What the task requires: Reproduce exactly, and only, the lines of the material below running from the line bearing "98㎡三室两厅一卫(客厅开间" through the line bearing "和铂的AI雄心市场其实不会陌生,是基于其子公司诺纳生物打造的A³战略(Antibody Engineering ×". Leave any pictures out.

Data supplied:
== Segment start ==
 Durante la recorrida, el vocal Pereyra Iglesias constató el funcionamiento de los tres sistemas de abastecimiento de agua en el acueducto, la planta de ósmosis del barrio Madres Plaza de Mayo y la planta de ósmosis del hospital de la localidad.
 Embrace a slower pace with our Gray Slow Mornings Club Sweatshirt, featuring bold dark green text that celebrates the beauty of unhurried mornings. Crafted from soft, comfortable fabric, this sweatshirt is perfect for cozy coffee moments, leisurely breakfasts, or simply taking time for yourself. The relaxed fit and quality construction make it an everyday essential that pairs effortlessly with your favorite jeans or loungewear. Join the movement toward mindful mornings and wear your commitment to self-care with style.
== Segment end ==
== Segment start ==
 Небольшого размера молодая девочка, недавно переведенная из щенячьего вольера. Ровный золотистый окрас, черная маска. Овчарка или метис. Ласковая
== Segment end ==
== Segment start ==
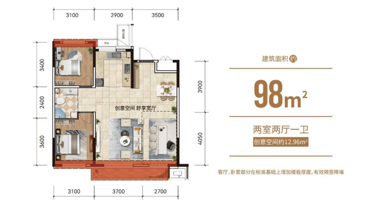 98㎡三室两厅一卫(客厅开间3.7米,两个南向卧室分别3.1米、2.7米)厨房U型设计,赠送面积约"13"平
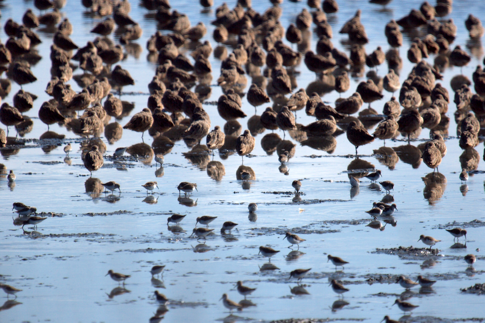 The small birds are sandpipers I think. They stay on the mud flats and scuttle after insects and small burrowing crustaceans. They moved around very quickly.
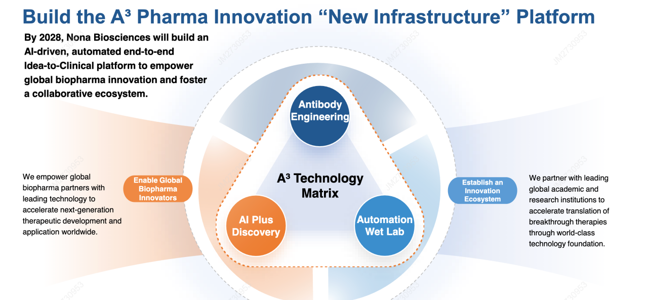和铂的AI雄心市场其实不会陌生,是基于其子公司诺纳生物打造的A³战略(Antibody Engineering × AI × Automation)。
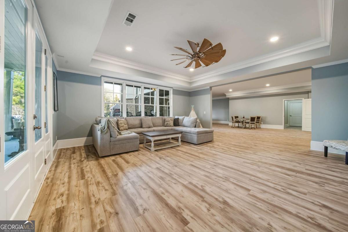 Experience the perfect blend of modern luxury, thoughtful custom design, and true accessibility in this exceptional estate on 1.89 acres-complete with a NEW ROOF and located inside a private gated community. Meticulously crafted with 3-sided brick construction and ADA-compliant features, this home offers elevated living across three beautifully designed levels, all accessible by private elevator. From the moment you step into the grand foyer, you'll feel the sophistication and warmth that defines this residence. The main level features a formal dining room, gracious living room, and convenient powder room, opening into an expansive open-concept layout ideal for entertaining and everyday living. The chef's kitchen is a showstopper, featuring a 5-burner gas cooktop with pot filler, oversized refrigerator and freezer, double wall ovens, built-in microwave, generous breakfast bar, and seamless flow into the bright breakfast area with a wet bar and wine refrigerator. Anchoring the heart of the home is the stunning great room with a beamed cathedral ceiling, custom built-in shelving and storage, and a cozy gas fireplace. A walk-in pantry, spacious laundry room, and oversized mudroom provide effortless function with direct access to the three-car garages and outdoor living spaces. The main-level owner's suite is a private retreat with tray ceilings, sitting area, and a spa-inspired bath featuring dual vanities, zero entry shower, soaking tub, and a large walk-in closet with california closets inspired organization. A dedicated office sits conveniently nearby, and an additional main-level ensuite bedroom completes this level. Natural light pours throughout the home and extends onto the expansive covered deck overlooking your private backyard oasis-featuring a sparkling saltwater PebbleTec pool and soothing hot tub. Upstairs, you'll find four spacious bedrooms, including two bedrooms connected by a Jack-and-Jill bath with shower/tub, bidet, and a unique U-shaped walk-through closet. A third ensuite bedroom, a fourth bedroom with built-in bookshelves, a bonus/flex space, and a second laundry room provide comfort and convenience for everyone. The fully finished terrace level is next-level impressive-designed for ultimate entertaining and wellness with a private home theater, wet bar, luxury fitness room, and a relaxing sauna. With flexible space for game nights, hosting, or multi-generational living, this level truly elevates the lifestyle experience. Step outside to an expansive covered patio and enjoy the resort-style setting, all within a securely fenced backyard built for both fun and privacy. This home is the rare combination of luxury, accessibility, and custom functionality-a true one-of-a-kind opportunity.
== Segment end ==
Solution to this task:
 98㎡三室两厅一卫(客厅开间3.7米,两个南向卧室分别3.1米、2.7米)厨房U型设计,赠送面积约"13"平
 The small birds are sandpipers I think. They stay on the mud flats and scuttle after insects and small burrowing crustaceans. They moved around very quickly.
和铂的AI雄心市场其实不会陌生,是基于其子公司诺纳生物打造的A³战略(Antibody Engineering × AI × Automation)。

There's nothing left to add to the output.